The decrease in weight is another important consideration. The lowriders weigh next to nothing so rod recovery is instantaneous; there is no “whip” causing line slap down the rod. The faster the rod quiets the smoother the line flows through the guides.



chris storrs said:


> i get that most that use them use braid,and braid is thin,and they get just as good of distances as mono and reg. alconite


The distance gain realized using braid instead of mono is significant (in spinning tackle). For me it hovers between 6% and 10%. With mono I threw 589ft OTG using my Basia, 12lb test and a borrowed tournament length 1509 rung conventional. With braid on my lowrider rung 1507, I am just shy of 650ft OTG. 

Neil Mackellow did some tests with lowriders using mono and realized distance gains, much to his surprise over spinning rods typically rung. I will try to find his repost of his two part report / magazine article. It is an interesting read.
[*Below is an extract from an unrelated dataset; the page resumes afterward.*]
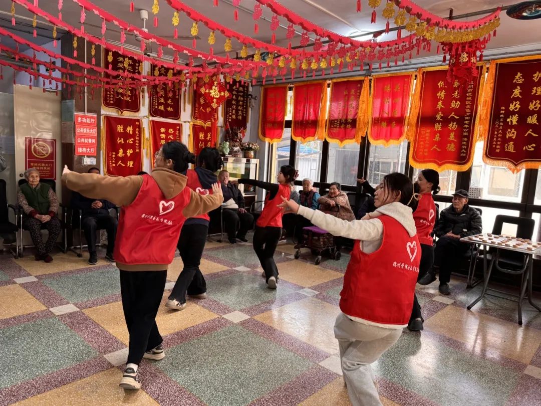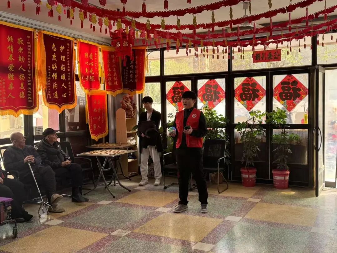 活动中,志愿者们精心准备了丰富多彩的节目。声乐专业的同学为老人们演唱了《强军战歌》《世界赠予我的》《明天会更好》等经典歌曲,悠扬的旋律唤起了老人们的共鸣,不少老人跟着轻声哼唱,现场气氛温馨感人。音乐不仅拉近了志愿者与老人之间的距离,更传递了浓浓的关爱之情。
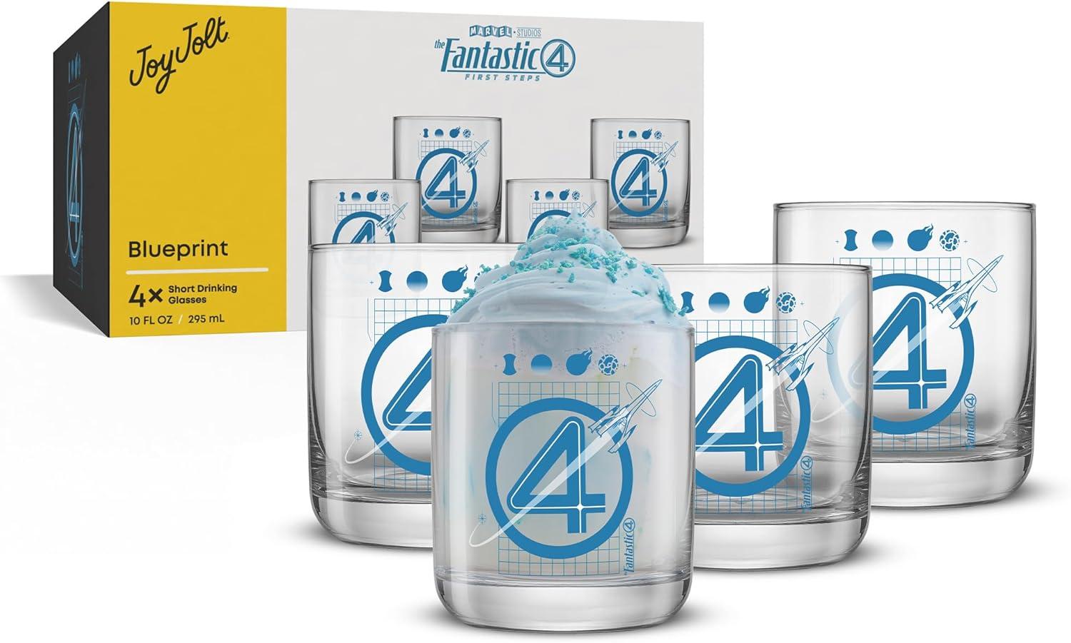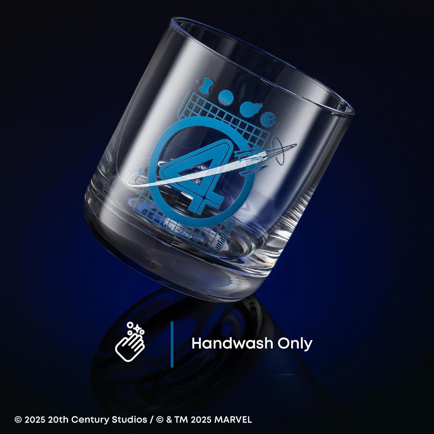 BLUEPRINTS OF THE BOLD: Elevate your drinkware with Marvel Fantastic Four glassware! Each tumbler features the signature emblem afront a grid-inspired blueprint, iconic character symbols, and a retro-style rocket. A must-have for fans who love their drinks served with a side of superhero style.

Here are two pics of my rod.


----------



## Samurai (Nov 24, 2005)

*blcag?*

Are those the Fuji BLCAG guides and is that the correct orientation for wrapping them(single foot facing the reel)?I saw those and were considering wrapping a rod with them.BTW nice reel.


----------



## ReelinRod (May 29, 2003)

The guides are Fugi LCSG series.



















The first guide above the reel is set “reversed” to eliminate line being thrown over it.
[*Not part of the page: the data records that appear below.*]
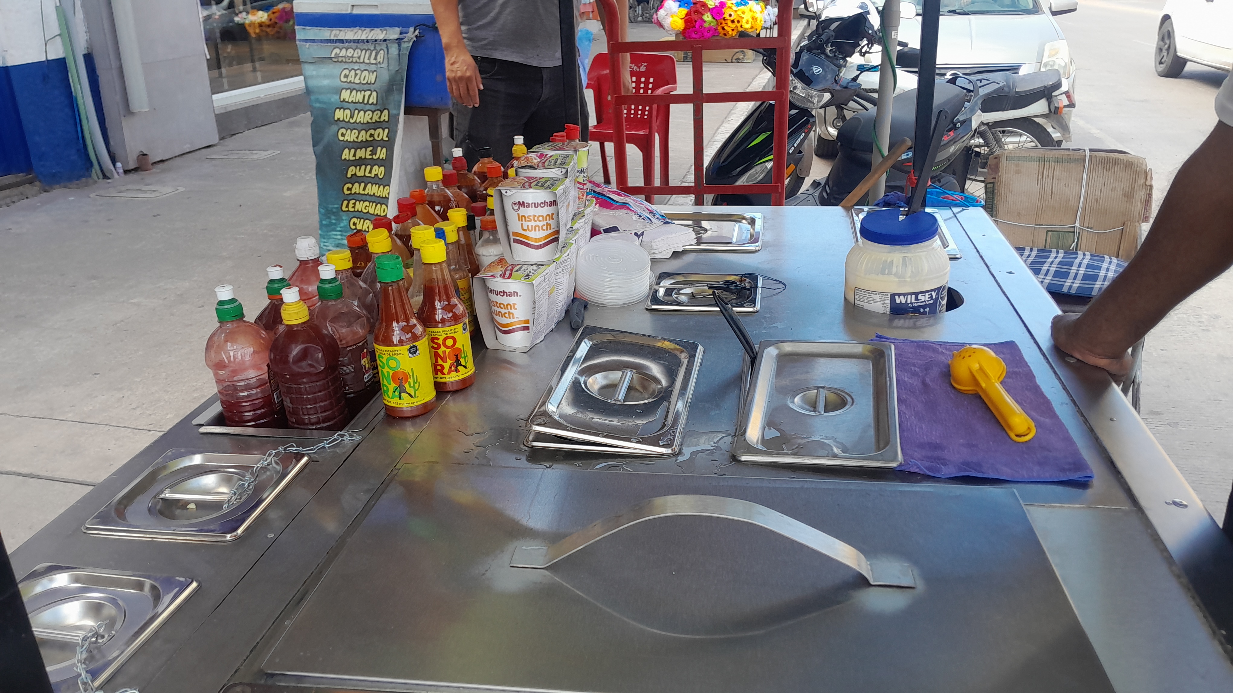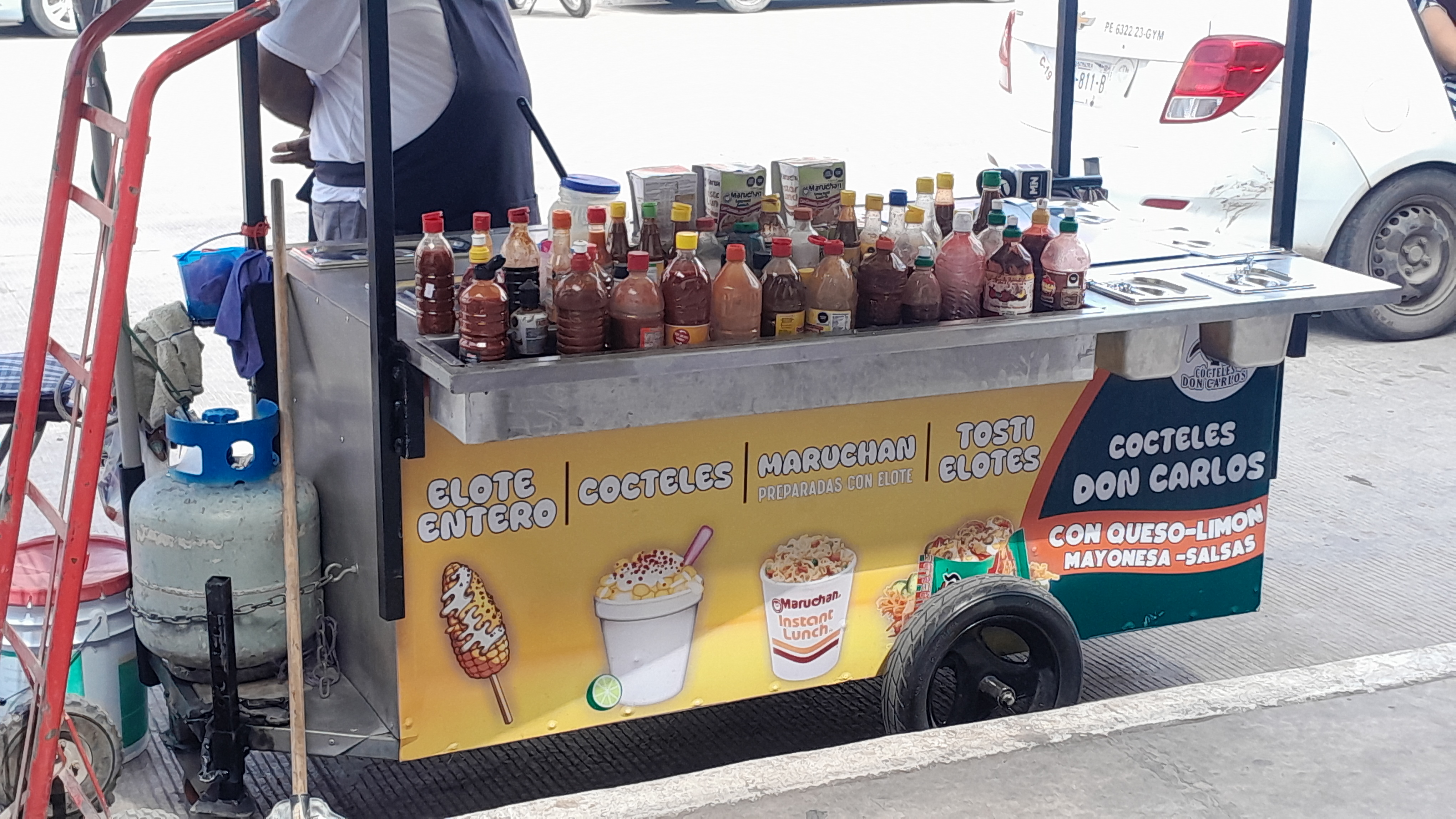 "La que tenía anterior me ayudó como 25 años, me gusta renovar, me gusta tener lo mejor que se pueda y hacer lo mejor que se pueda, ahorita están los elotes, cocteles, maruchanes, duritos, tostielotes, tengo un carrito de hot dogs también allá afuera de mi casa allá me voy también, allá los espero también afuera de la federal 1." expresó Don Carlos.
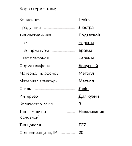 Люстра рассчитан для применения 3 источников лампочек. Каждая лампа имеет мощность 60 Вт. Соответственно, общая мощность модели будет составлять 180 Вт. При этом можно использовать источники света с цоколем E27. Люстра сможет осветить комнату площадью до 10 кв.м. В данной модели Globo источниками света должны быть лампы с типом "накаливания".
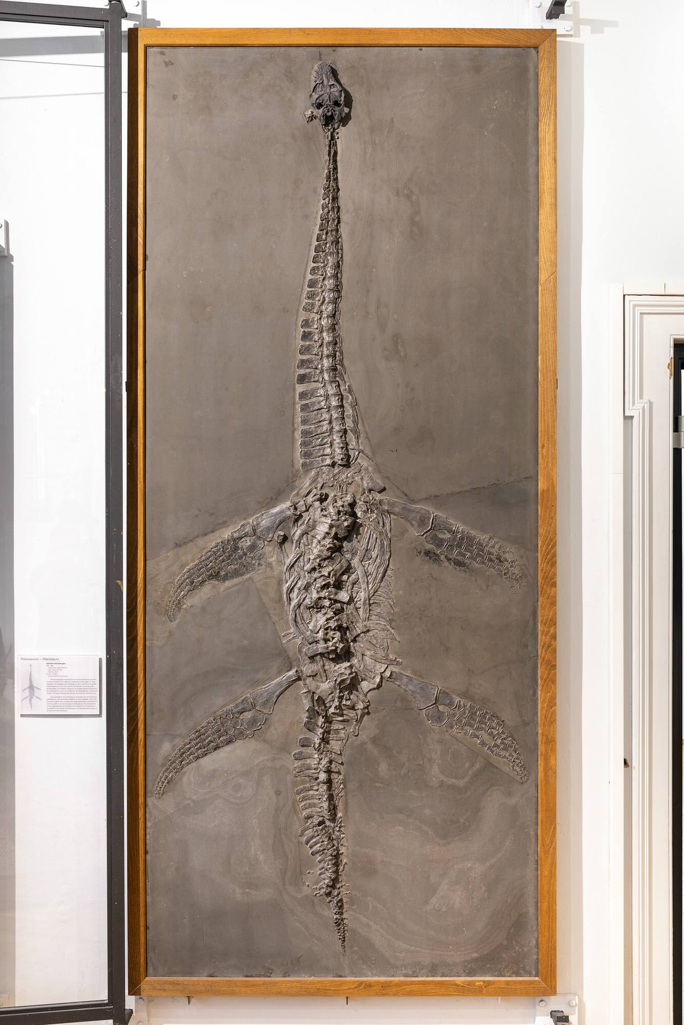DescriptionMicrocleidus brachypterygius (VON HUENE 1923), syn.: „Hydrorion”, „Plesiosaurus” brachypterygius (Reptilia, Sauropterygia, Plesiosauria); Unterer Jura, Unteres Toarcium, Posidonienschiefer-Formation (Lias ε II, Unterer Schiefer), 182 Millionen Jahre; Ohmden, Landkreis Esslingen, Baden-Württemberg; 1922 ausgegraben von Bernhard Hauff d.Ä., Ankauf von Hauff im Jahr 1923; Inv.-Nr. GPIT-PV-30094 (syn. PV 18971, GPIT/477/1/1, GPIT/RE/9428).Object numberGEO-Ps-GPIT-PV-30094

The reel is a Daiwa Tournament Surf Basia QD45










Aloha and mahalo and welcome to Pier and Surf!


----------



## Orest (Jul 28, 2003)

*BB Casting with lowrider guides*

http://www.fishing-forum.info/showthread.php?t=2903


----------



## chris storrs (Aug 25, 2005)

thanks...so more friction on one guide and alot less on the others plus no line wrapped guides equals a further and safer cast..


----------



## ReelinRod (May 29, 2003)

*BlackBeards's Lowrider Report*

Thanks Orest, that is part two; for those interested here is the link to part one.

http://www.fishing-forum.info/showthread.php?t=2902

I have only casted my lowrider rod once with mono and I cracked off (.31 running line .75 shocker). 
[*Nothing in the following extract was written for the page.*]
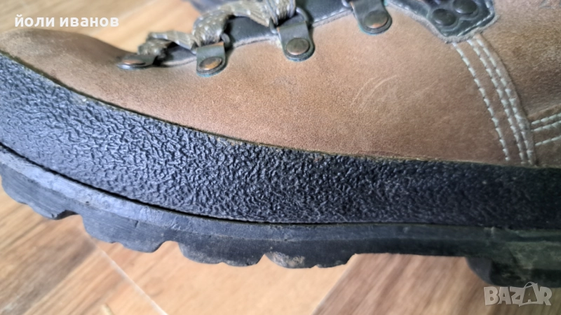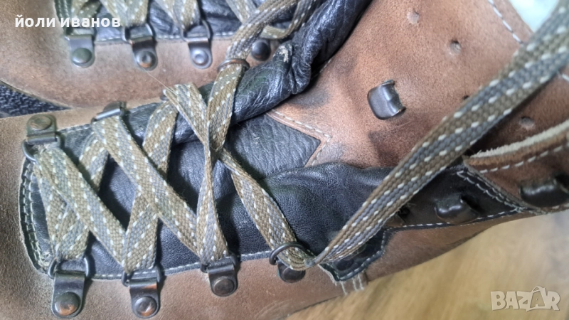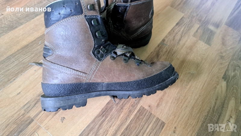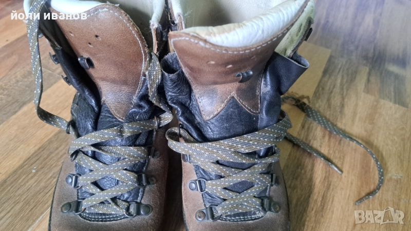 Кожени туристически обувки,много здрави като подметка ,дебел гумен борд,кожени отвътре с подплата между двата слоя кожа,ретро модел,имат жлебове за котки,строго туристически,дори алпийски обувки,39 номер,унисекс
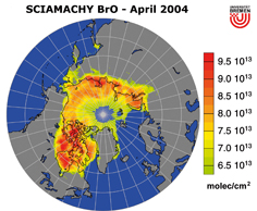 concentrations over the arctic sea ice in April 2004. (image: DLR-DFD and IUP-IFE, University of Bremen) |

I don't think I'll be changing to mono anytime soon  but BlackBeard's report is an interesting read.


----------



## Samurai (Nov 24, 2005)

*Low Riders*

Very Interesting.I want to try a set of these but am afraid that the big mono (30# big game) I use may be too stiff and produce line slap.


----------



## SurffishNJ (Dec 30, 2003)

I would tape the guides in place and take several test casts. Have some with you to watch you line form the side to determine spacing, line slap etc. My concern woulf be the shock leader knot also.


----------



## curtisb (Jul 21, 2004)

Will these guides also improve distance in convetional rods or are they just for fixed spool only. Has anyone tried them convetionally yet and if so what would the set up be.

CB


----------



## chris storrs (Aug 25, 2005)

in a catalog ive got they have them for conventional reels...ive never used them though


----------